- [Task goal]: The entries below contain pictures. Write out only the lines from the line with "RoseCar permet le" up to and including the line with "Сторона 2 62x115мм", exactly, without them.

- [Data under study]:

***

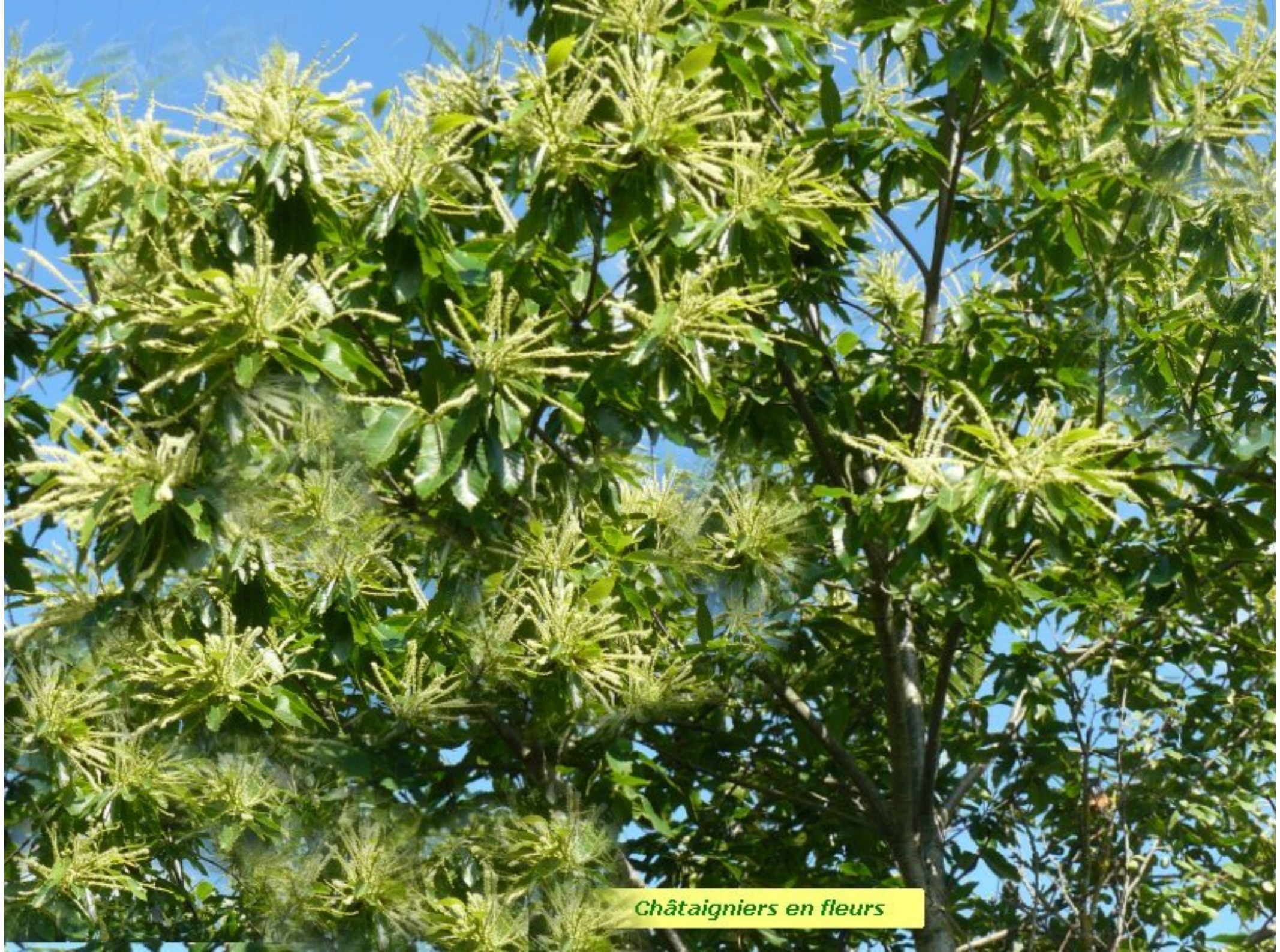
Châtaigniers en fleurs
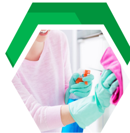
Cuidado del Hogar
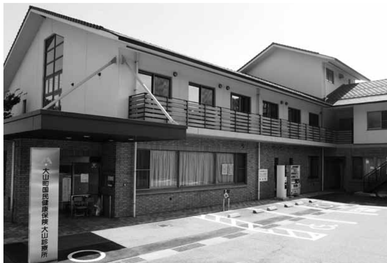
早期の医師確保が待たれる大山診療所

【岩井】財政状況が厳しい中、大山診療所の対応が急がれると考えるがどうか。 【町長】県施策の動向も視野に入れながら、大山町の地域医療の重要性を強く訴え、医師確保に尽力する。
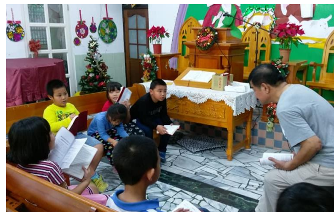
車城課輔班(學生人數 37 人)
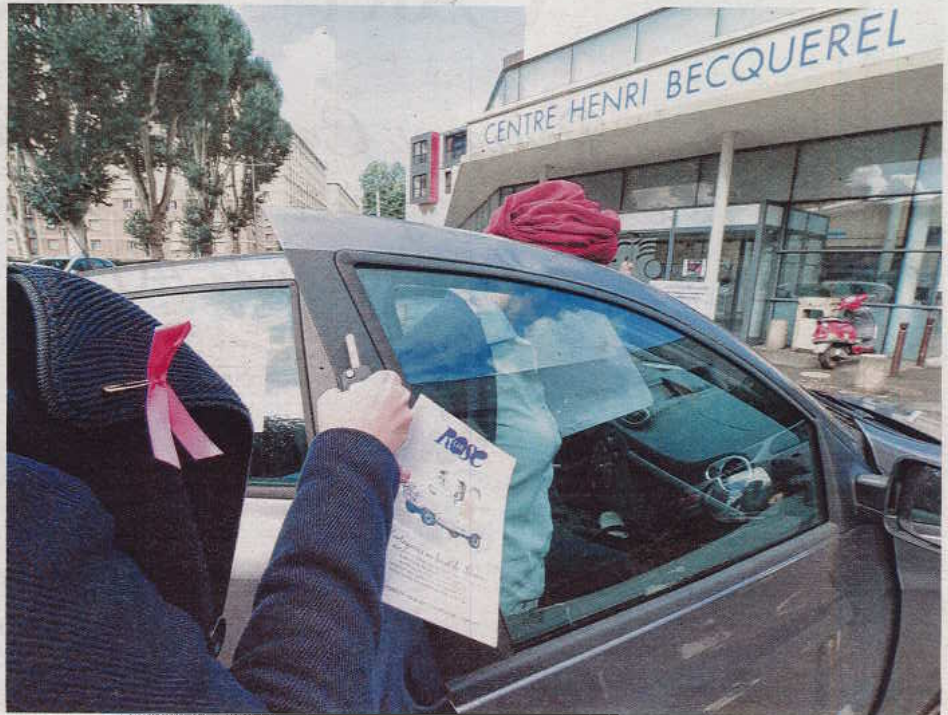
RoseCar permet le covoiturage entre des patients d'un même centre de soins ou d'un centre proche
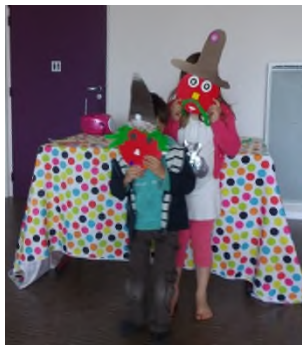
Création d'un conte puis présentation « théâtrale »
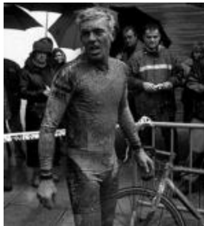
Seco, proba amaitu berritan. I. GARCIA
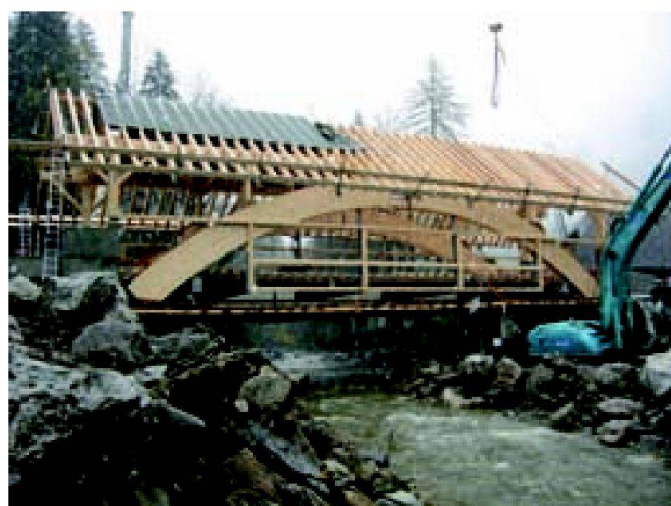
Abb. 7: Phase 2: Rohbau, Fahrbahnplatte mit Stahlhängepfosten an Gelenkbogen befestigt.
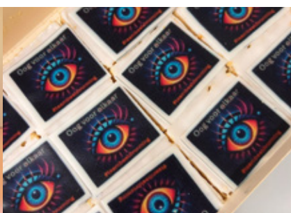
Haaglanden Medisch Centrum
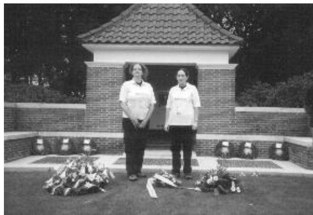
Airborne Divisie terecht kwam.

Vanaf Herberg 't Zwaantje is het de bedoeling om gezamenlijk verder te gaan, doch we zijn weer iets achter op het schema en wandelen dus in straf tempo over de heuvels van het open gebied 'Klein Amerika'. Dit was ook een van de grote landingszones waar het 505 e Para Regiment van de 52 e
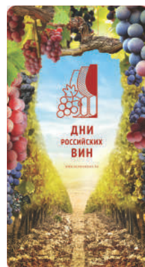
Сторона 2 62x115мм
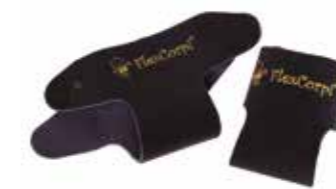
LUVAS DE PREENSÃO

Favorece a preensão em barras (andadores).
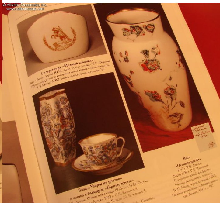
Ваза «Узоры» и чашка с блюдцем «Горные пики» Липецк. Форма вазы конца 1930-х гг. Н.М. «Дотос» 1937 г. С.Е. Яковлевой. В. вазы 20. В. чашки 6,5.
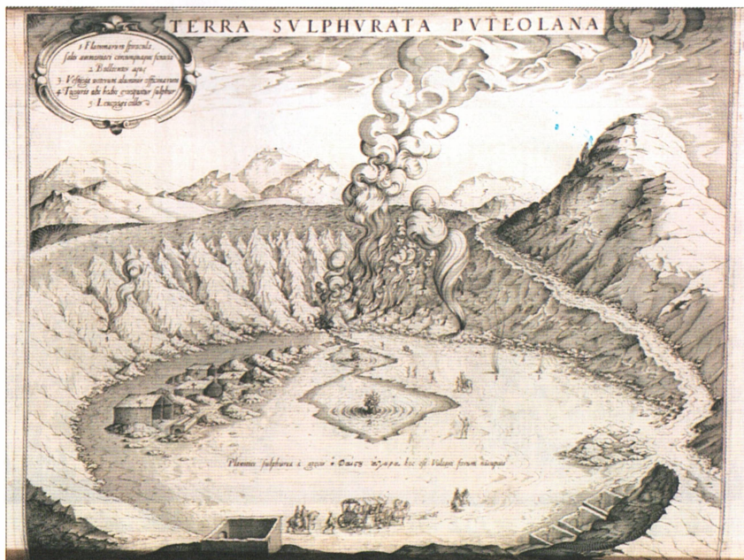
Рис. 1. Гравюра. «Terra Svlphvrata Pvteolana» – «Земля Сольфатара. Поццуоли»
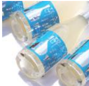
令和2年度 株式会社西山酒造場(丹波市) 丹波小鼓美白醇酒
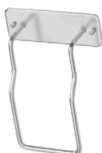
Art. nr. 4573 Sängfäste av metall. Passar alla Sterisol dispensrar 0,7 l.
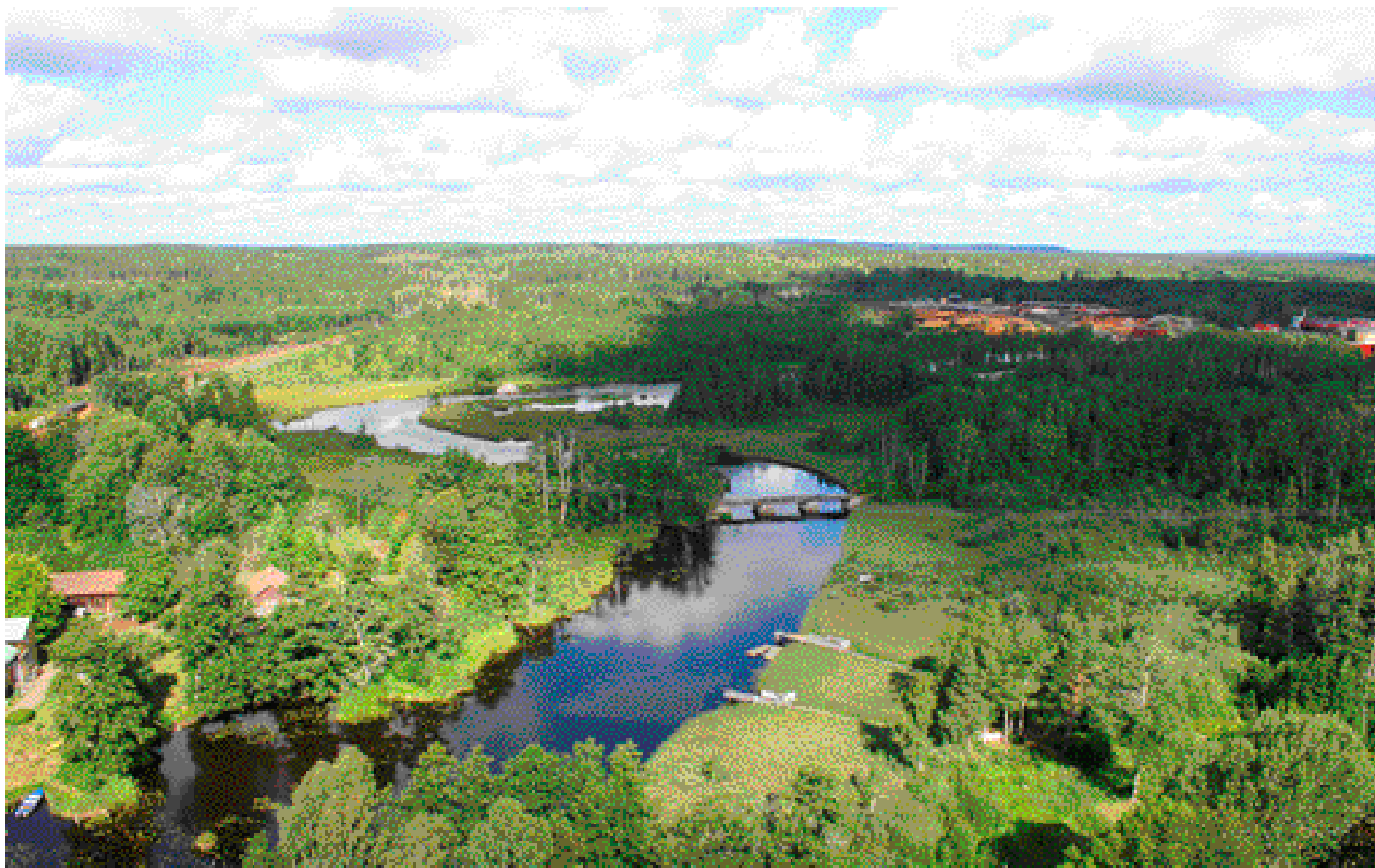
Svartån förbinder sjöarna Toften och Teen.

***

- [Solution to the problem]:
RoseCar permet le covoiturage entre des patients d'un même centre de soins ou d'un centre proche
Création d'un conte puis présentation « théâtrale »
Seco, proba amaitu berritan. I. GARCIA
Abb. 7: Phase 2: Rohbau, Fahrbahnplatte mit Stahlhängepfosten an Gelenkbogen befestigt.
Haaglanden Medisch Centrum
Airborne Divisie terecht kwam.

Vanaf Herberg 't Zwaantje is het de bedoeling om gezamenlijk verder te gaan, doch we zijn weer iets achter op het schema en wandelen dus in straf tempo over de heuvels van het open gebied 'Klein Amerika'. Dit was ook een van de grote landingszones waar het 505 e Para Regiment van de 52 e
Сторона 2 62x115мм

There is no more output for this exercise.